Sports aren't always an option for these boys.  They aren't for my boy.  We jokingly say that his eyes are just for show, but there is a lot of truth in that.  He has horrible vision and no depth perception.  Try to catch a ball with those eyes, or shoot a basket while moving, or judge where the goal is.  It's hard stuff.  Sports are also expensive and a huge time suck for parents, so again not always an option and we are left with this generation of angry, young men.

I have tried and failed at home and at work with how I have handled this anger.  Being angry back definitely does not work, so take that right off the list.  They have more anger and carry it on longer and it is exhausting.  My boy can hold a grudge indefinitely.  Taking it personally or being emotional about their angry outbursts also doesn't work.  They might be angry, but nine out of ten of them are actually good kids and your being upset makes them angry for making you sad and you've just set the whole thing in motion again because somewhere in their little dark boy brains they are now mad at you, again, for making them feel bad.  It has been hard with my boy to not be emotional because it is hard to have the kid who always picked you first, wanted you to help, loved you so completely to be mean, to be dismissive and rude and hurtful.  Ouch!!

Sometime, I would like to scoop them all up and set them on a little island Lord of the Flies style.  Looks of disdain and outright hate make me keep a running list in my head as to who would end up being Piggy first.  However, as I am the parent and adult, I have had to come up with better ways to deal with this. I have found that being interested in what the boy is doing seems to take the anger down a notch.  Can I admit to not being interested in it at all but feigning it so well I should win an Oscar?  If I never hear about Pokemon again it will be too soon.  I have no idea what I am doing when I play Xbox with him, but if I sit there and push buttons for twenty minutes, he is happy.  A little validation seems to go a long way.  The other thing that works well is humor because right under all the anger is a layer of hilarity.  They want to laugh and joke and use their words to show you how smart they are by wrapping everything up in a thin layer of sarcasm.  This I do not have to fake at all because I am apparently a 14 year old boy at heart.  (this also explains my taste in movies.)  

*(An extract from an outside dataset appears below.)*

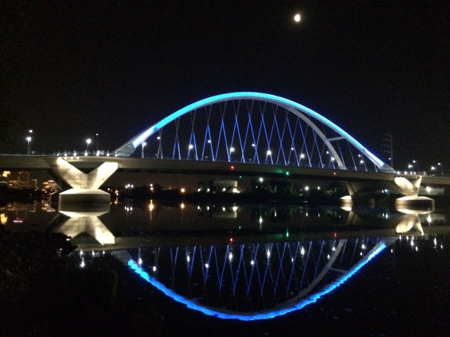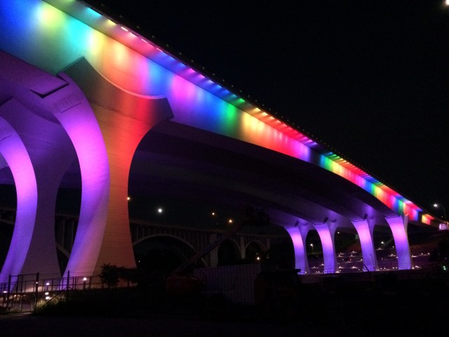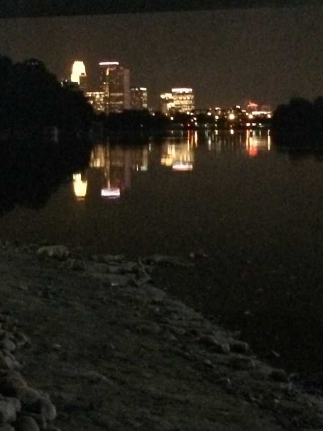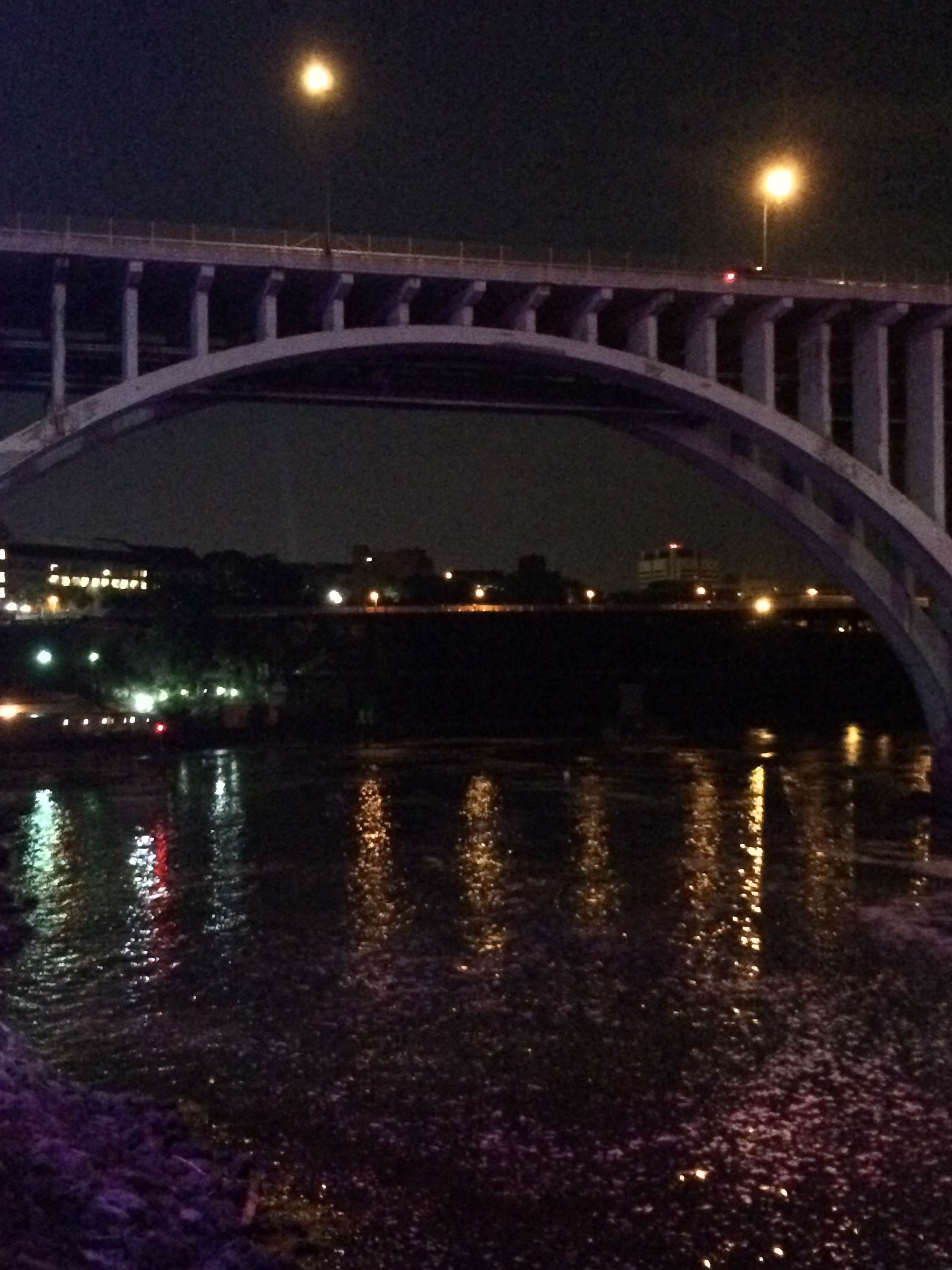 The I-35 bridge featured above has been rebuilt since it collapsed into the Mississippi in August 2007. I remember the evening vividly as I was driving downtown and was caught in the massive traffic back up. It was a sad event and memories of that day came rushing back as I stood under the massive arches of the new bridge only 5 feet above the swiftly flowing water. It is not possible to imagine the terrifying plunge from over a 100 feet into the water but as I stood there that night I was overcome by a dueling sense of grief and peace. I now use the bridge often to go to the University of Minnesota and it was a unique experience to see the impressive engineering from the bottom up. It’s beautifully designed and gracefully  built.

It is definitely easier for me with my girls and girls at school because I was a girl. I know how they were feeling and what they are thinking and why they do what they do.  I get it.   I think with my boy and these other boys it comes down to not getting it at all but not trying to fix it or judge it either.  It is just about trying to be patient, trying to not be offended and in the boy's case, trying to trying to not breathe through my nose when he comes in from playing outside. It is also about showing him that I am listening, that I am here if he wants to talk or laugh or play stupid Madden 11.  Validating and being available, that is what it might come down to.

Currently, on this non-ice-ice-day, my boy is rewatching the same epidsoe of Brain Games so he can yell out the answer earlier each time he watches it.  I don't get it, but he is happy and I can do what I want so I am happy too.  I am still not always sure what I am going to do with him, but I guess as long as I love him, we'll figure it out.